Over the past decade, the BU Pep Band has carved themselves a reputation for doing just that.

With an extensive repertoire of over 100 songs and numerous chants, the band is an irreplaceable force at BU sporting events.

“The band brings spirit and energy,” BU Director of Athletic Bands Aaron Goldberg said. “I’ve never seen a collegiate pep band as dedicated.”

With approximately 130 members, the band is split into two different groups, red and white. To decide which group attends each sporting event, the schedule is divided into “Red Games” and “White Games.”

Given the heavily-populated BU athletics schedule, the time commitment for band members can be a hefty, especially on weeks such as when the Beanpot is happening.

“The time commitment can be a little heavy at times,” Buzzell wrote. “There are weeks where we only have on game and there are other weeks where the band is requested at three or four different venues. Especially during Beanpot and tournament weeks.”

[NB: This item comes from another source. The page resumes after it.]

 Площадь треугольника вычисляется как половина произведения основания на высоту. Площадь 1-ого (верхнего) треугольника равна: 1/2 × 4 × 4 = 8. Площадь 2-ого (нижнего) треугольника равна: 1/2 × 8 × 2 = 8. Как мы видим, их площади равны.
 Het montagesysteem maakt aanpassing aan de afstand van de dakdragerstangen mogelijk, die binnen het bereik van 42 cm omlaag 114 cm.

With the men’s hockey Beanpot final on Monday night and the women’s hockey Beanpot final on Tuesday night, combined with a women’s basketball game on Wednesday night, the band’s calendar has been packed.

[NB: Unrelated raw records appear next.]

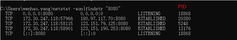 cmd命令行输入:netstat -aon|findstr "8080"
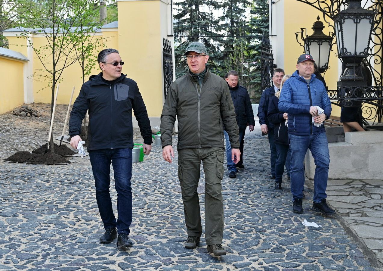 Владислав Шапша вместе с Дмитрием Денисовым приняли активное участие в уборке территории будущего сквера, в ходе которой обсудили ряд актуальных вопросов благоустройства областного центра.
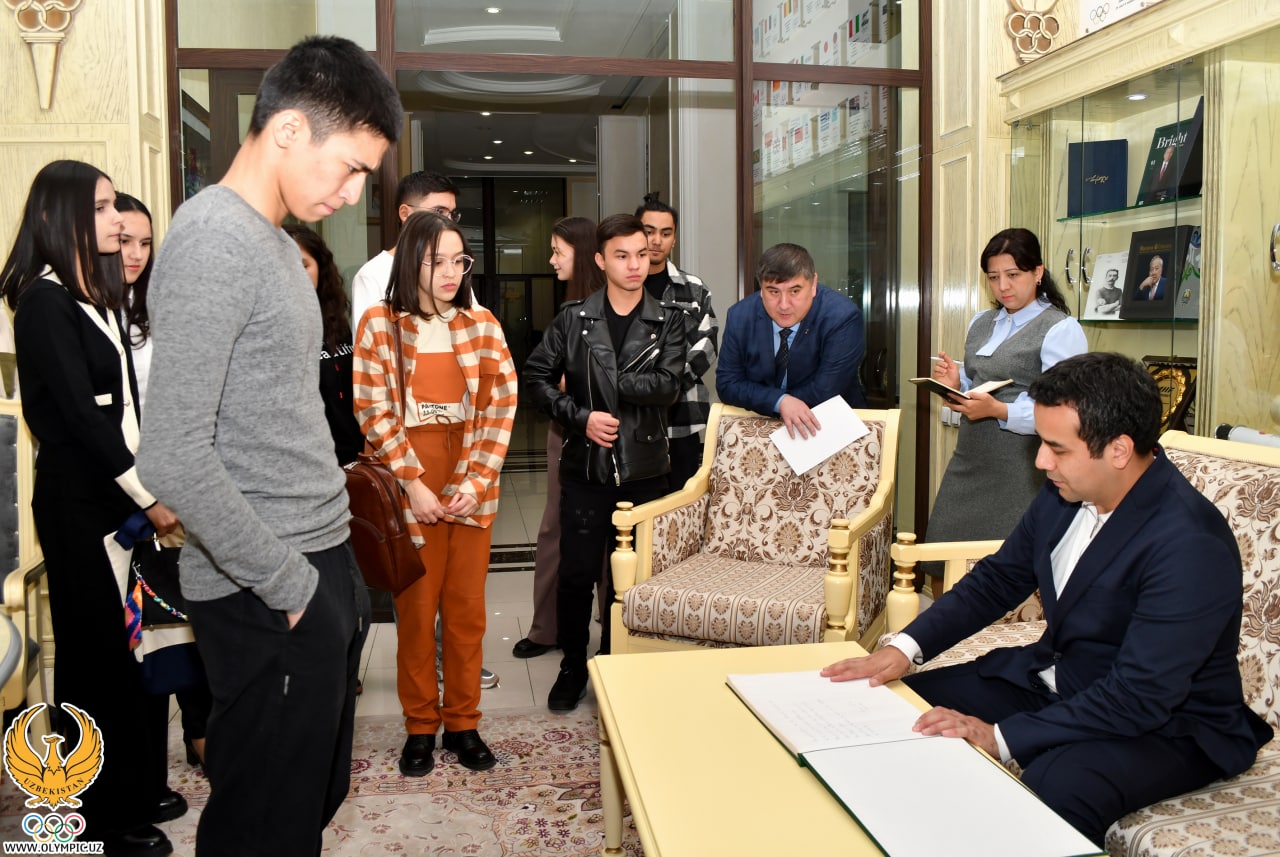 Dastavval mehmonlarga Qoʻmita faoliyati va bino tarixi haqida gapirib berildi. Muzeyda esa yoshlarimizga Olimpiya oʻyinlarining paydo boʻlishi, oʻzbek sportining boy tarixi, atletlarimizning xalqaro maydonda qayd etayotgan yutuqlari haqida batafsil maʼlumot berildi. Shundan keyin soʻnggi davrda jahon arenalarida ulkan muvaffaqiyatlarga erishib kelayotgan sportchilarimiz bilan uchrashuv boʻlib oʻtdi.
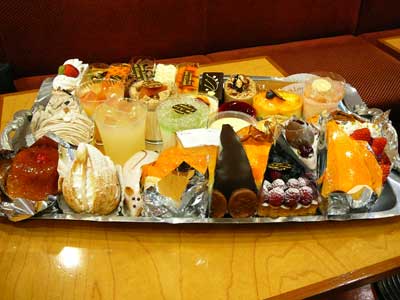 | かつて、六本木のお店にはルコントさん本人がいて、「おいしいよ〜(^O^)o―」などとおどけながら満面の笑みを浮かべて、自らケーキのサンプルを乗せたトレーを持って来てくれたものです。 | それでは、店員さんにケーキのサンプルを持って来てもらいましょう。 |

Weekends can be similarly busy for the band.

The group plays a total of 120 events per year, 100 of which are athletic. It’s not uncommon for there to be a men’s hockey, women’s hockey and basketball game bundled into a short span of 48 hours.

You can expect to see the band at each of these contests as they are a full-time staple at every single home game for both hockey and basketball matchups.

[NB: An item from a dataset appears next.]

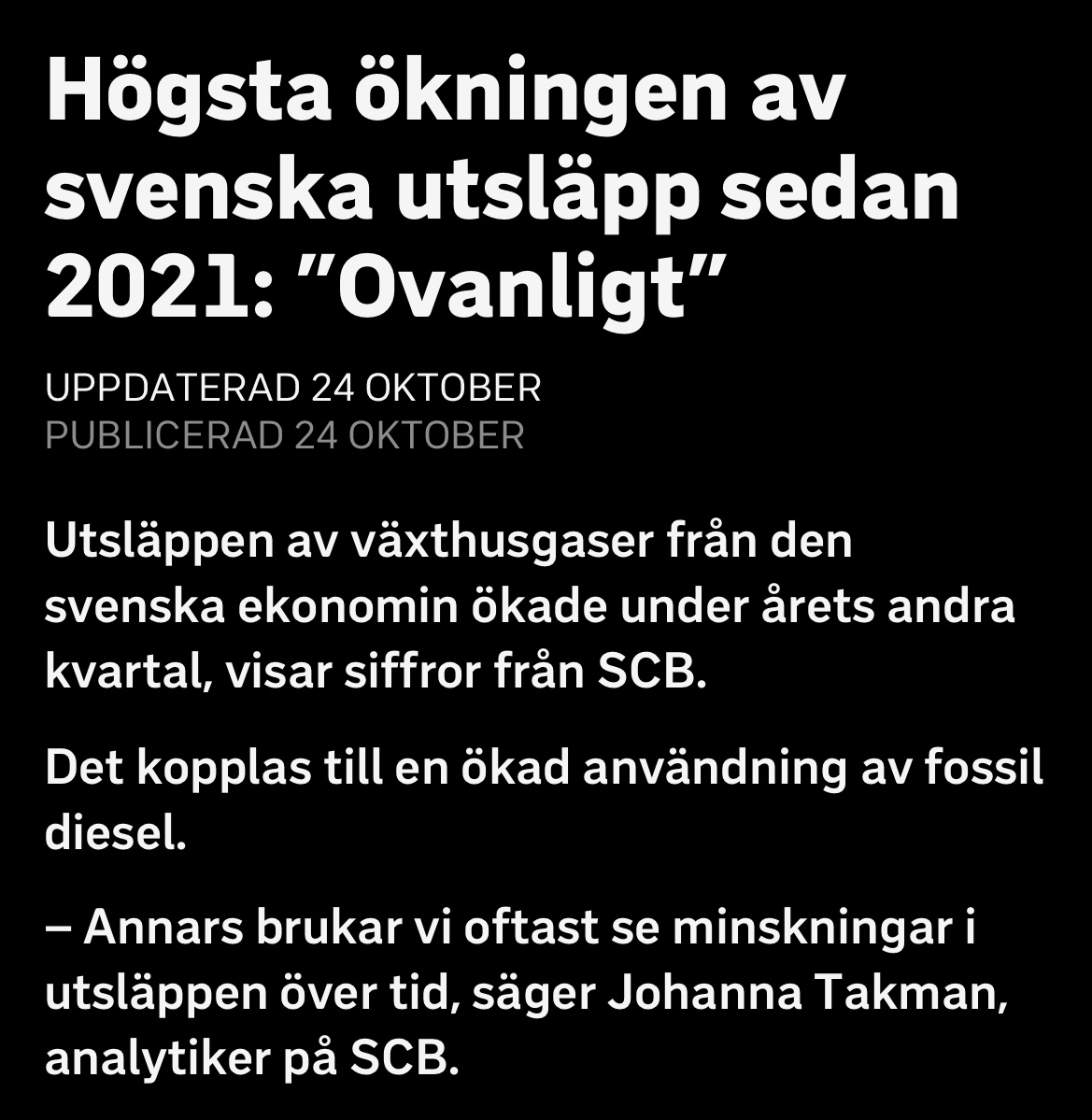 Visa på Bluesky →Vi har alltså en klimat- och miljöministern som gör reklam för oljelobbyn. Inte så konstigt att regeringen (och SD) ökat utsläppen av fossila utsläpp kraftigt sen de kom till makten efter valet.

“I’m astounded they can handle this commitment,” Goldberg said. “They have more performances than any other collegiate bands, and they are pretty academic minded students.”

However, the band’s strong membership allows for students to balance a dedication to the band with being a full-time student. If a members of the “Red Team” are unable to make a “Red Game,” a member from the “White Team” can fill in for them and vice versa.

“We are able to be everywhere without burning ourselves out,” Buzzell wrote. “We can always ask a friend on the other band to sub for us. It is a really flexible and manageable commitment.”

The band has weaved its way into being a staple in the landscape of BU athletics, especially with the men’s and women’s hockey teams.

At men’s games at Agganis Arena, the band is positioned at the top of Section 118, with the rest of the BU student section standing below them, hanging directly over the goal.

“They’re awesome,” men’s hockey freshman forward Brady Tkachuk said. “They get me going at the start of every game and during every game, and the student section also.”

At women’s games, the band is positioned in the far corner of the ice adjacent to the press box. Aided with the bandbox-like nature of the Walter Brown Arena, the band has the opportunity to create a lively atmosphere for the players on the ice.

“They’re unbelievably supportive,” BU women’s hockey coach Brian Durocher said. “The atmosphere they create in the building, it makes you feel like there’s 2,000 people in the building when there might only be 300. The band, they bring the energy, they bring the fun.”

Their presence and dedication at games does not go unnoticed.

Those people work extremely hard and they have a lot on their plate,” Durocher sad. “We’re just super happy that they’re willing — 30, 40 or 50 strong — to [go to] a cold hockey rink for most of our games.”

While TD Garden might not be as frigid as Walter Brown Arena, the band made its meddle tested as the semifinal of the Beanpot progressed into double overtime as the Terriers continued to battle with Harvard.

The band passed the test with flying colors. They decided to stray from their perch atop one of the balcony sections and join the Terriers’ fan section, named the BU Dog Pound.

Immediately, the band burst into the BU fight song and the BU crowd went wild in support of their team.

“It was honestly one of the most touching times I have had as a band member, to feel that loved,” Buzzell wrote. “Everyone was charged and ready for a fight. It was the most pure definition of the reason we play.”